Literary Text Mining

Description

Computational methods have made it possible to analyze literature in new ways and at new scales. This course trains students in theories and methods of computational literary studies. It requires no background in computer programming or literary criticism. We begin with fundamentals of the Python programming language before moving on to computational analyses of literary texts. Our analyses will be informed by critical readings. While programming distinguishes this course from many other humanities classes, this course is fundamentally about literature, and what we can learn about it at the new scales afforded by computation.

Objectives

Students will be able to:

Technology

All students will need a laptop running macOS, Linux, or Windows that they can bring to class. (MacOS is preferred.) Chromebooks and iPads will not work for this course. If you need access to an appropriate laptop, please let me know ASAP.

Readings

All readings for this course will be posted on Canvas. Please note that many readings will be excerpted. If you need paper copies, please let me know ASAP.

Calendar

I give abbreviated titles for some readings in the calendar. Full citations are available in the bibliography at the end of the syllabus.

Date Reading
Sep 23 Kirschenbaum, “What is ‘digital humanities’?”1
Sep 25 Liu, “The Meaning of the Digital Humanities”2
Sep 30 Algee-Hewitt and McGurl, “Between Canon and Corpus”3
Porter, “Popularity and Prestige”4
Oct 2 Burrows, Computation into Criticism5
Oct 7 Piper, Enumerations6
Oct 9 Arnold and Tilton, “Role of Statistics in DH”7
Oct 14 No class
Oct 16 Ramsay, “An Algorithmic Criticism”8
Oct 21 Bode, “Equivalence of ‘Close’ and ‘Distant’”9
Oct 23 Guldi, “Critical Search”10
Oct 28 Mandell, “Gender and Cultural Analytics”11
Underwood et al, “The Transformation of Gender”12
Oct 30 Heuser and Le-Khac, “A Quantitative Literary History”13
Nov 4 Fields, Racecraft (GIGO)14
McPherson, “Why are the digital humanities so white?”15
Nov 6 Ruberg et al., “Toward a Queer Digital Humanities”16
Nov 11 Risam, “The Stakes of Postcolonial Digital Humanities”17
Nov 13 English, “Now, Not Now”18
Blei, “Probabilistic Topic Models”19
Nov 18 Underwood, Distant Horizons20
Nov 20 D’Ignazio and Klein, “Feminist Data Visualization”21
Clement, “Text Analysis”22
Drucker, “Graphical Display”23
Nov 25 Recess
Nov 27 Recess
Dec 2 Presentations
Dec 4 Presentations
Dec 13 Final paper due

Literary Lab meetings

Students are encouraged to attend meetings of the Stanford Literary Lab, a research group that focuses on computational text analysis: https://litlab.stanford.edu/

Grading

I round grades to the nearest integer.

Letter Range
A 93 or more
A- 90-92
B+ 87-89
B 83-86
B- 80-82
C+ 77-79
C 73-76
C- 70-72
D+ 67-69
D 60-66
F 59 or less

Evaluation

Item Percentage Description
Homework 40% Weekly assignments that apply material from class.
Participation 20% Attendance, discussion, and lab work.
Presentation 10% One in-class presentation of original research.
Final Essay 30% Uses evidence from computational analysis to advance a literary critical argument.

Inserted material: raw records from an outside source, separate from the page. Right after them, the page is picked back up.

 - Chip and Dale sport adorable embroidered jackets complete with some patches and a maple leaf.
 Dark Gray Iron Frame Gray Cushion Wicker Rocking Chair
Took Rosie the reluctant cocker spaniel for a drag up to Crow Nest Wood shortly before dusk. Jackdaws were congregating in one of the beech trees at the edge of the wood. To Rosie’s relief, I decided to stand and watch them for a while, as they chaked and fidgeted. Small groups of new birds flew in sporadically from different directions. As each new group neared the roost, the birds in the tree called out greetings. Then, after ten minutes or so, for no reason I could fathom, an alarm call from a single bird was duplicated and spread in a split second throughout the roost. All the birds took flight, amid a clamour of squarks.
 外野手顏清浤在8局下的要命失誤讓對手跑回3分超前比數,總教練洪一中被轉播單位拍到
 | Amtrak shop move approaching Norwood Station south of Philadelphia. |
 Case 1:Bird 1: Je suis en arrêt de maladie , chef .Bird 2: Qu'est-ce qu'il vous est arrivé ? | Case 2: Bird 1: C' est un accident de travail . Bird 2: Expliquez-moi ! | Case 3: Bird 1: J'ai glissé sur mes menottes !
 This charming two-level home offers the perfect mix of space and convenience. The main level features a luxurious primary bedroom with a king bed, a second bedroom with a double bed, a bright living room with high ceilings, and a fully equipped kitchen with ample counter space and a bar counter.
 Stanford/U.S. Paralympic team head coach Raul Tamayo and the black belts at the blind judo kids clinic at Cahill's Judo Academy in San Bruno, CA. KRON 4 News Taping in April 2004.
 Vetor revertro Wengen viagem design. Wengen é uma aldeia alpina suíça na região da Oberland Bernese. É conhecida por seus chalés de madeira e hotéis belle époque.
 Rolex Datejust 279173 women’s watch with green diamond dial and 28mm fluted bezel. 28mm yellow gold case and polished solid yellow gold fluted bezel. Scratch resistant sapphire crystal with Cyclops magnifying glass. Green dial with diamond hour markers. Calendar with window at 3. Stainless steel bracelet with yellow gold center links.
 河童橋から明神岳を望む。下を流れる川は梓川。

Homework will include programming practice, new problems, and written reflections on readings or results.

Attendance is crucial in this course since computational methods build on each other. If you must miss a class, I expect you to cover the material you missed during office hours, or with classmates.

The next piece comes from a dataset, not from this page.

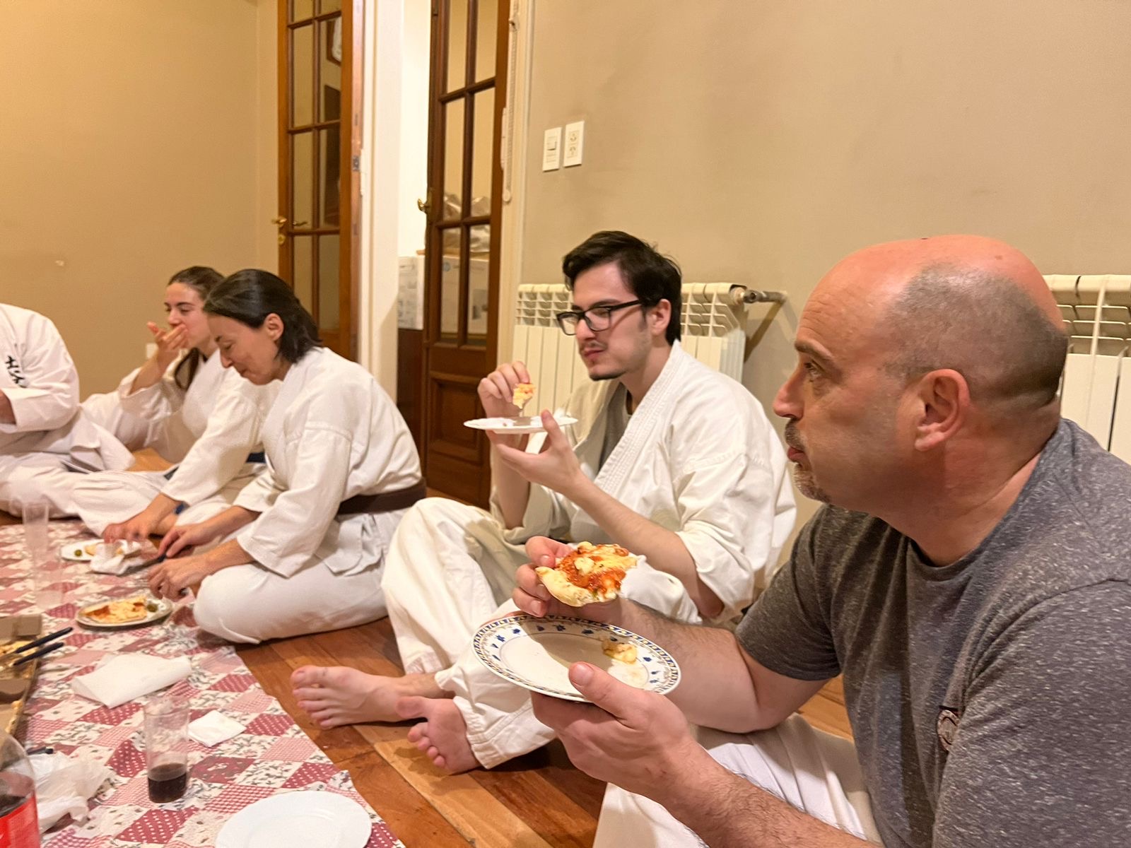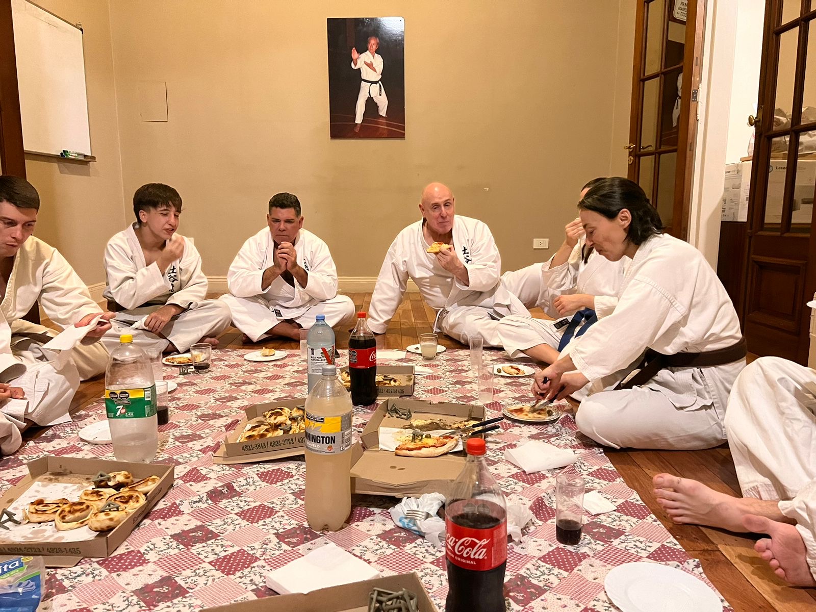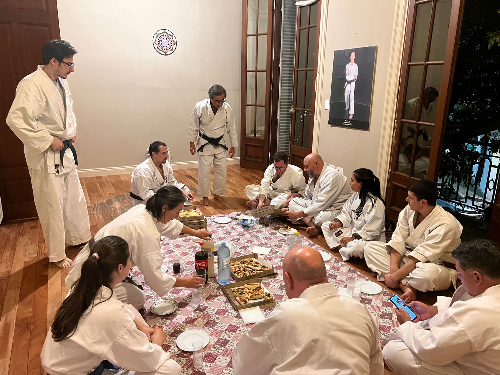 Finalizada la actividad, todos los intervinientes compartieron la cena, donde en un ambiente más distendido, pudieron interactuar con nuestro visitante, recibiendo consejos y anécdotas sobre su vínculo cotidiano con Tsuchiya Sensei, a quien definió como “un joven de 91 años” que permanentemente entrena y enseña con alegría, planteando el desafío de interpretar su karate como una disciplina en permanente estudio y evolución, e invitando a sus discípulos a que en cada clase, practiquen con mentalidad abierta que los conduzca a la superación constante.

Further details on the presentation and final essay will be circulated later in the quarter.

Miscellaneous Items

Accommodations

Absences

Email

Office hours

Late work

Other

Appendix

Honor Code

The Honor Code is an undertaking of the students, individually and collectively:

  1. that they will not give or receive aid in examinations; that they will not give or receive unpermitted aid in class work, in the preparation of reports, or in any other work that is to be used by the instructor as the basis of grading;

  2. that they will do their share and take an active part in seeing to it that others as well as themselves uphold the spirit and letter of the Honor Code.

The faculty on its part manifests its confidence in the honor of its students by refraining from proctoring examinations and from taking unusual and unreasonable precautions to prevent the forms of dishonesty mentioned above. The faculty will also avoid, as far as practicable, academic procedures that create temptations to violate the Honor Code.

While the faculty alone has the right and obligation to set academic requirements, the students and faculty will work together to establish optimal conditions for honorable academic work.

Fundamental Standard

Students are expected to show both within and without the University such respect for order, morality, personal honor, and the rights of others as is demanded of good citizens. Failure to do this will be sufficient cause for removal from the University.

Students with Documented Disabilities

Students who may need an academic accommodation based on the impact of a disability must initiate the request with the Office of Accessible Education (OAE). Professional staff will evaluate the request with required documentation, recommend reasonable accommodations, and prepare an Accommodation Letter for faculty dated in the current quarter in which the request is being made. Students should contact the OAE as soon as possible since timely notice is needed to coordinate accommodations.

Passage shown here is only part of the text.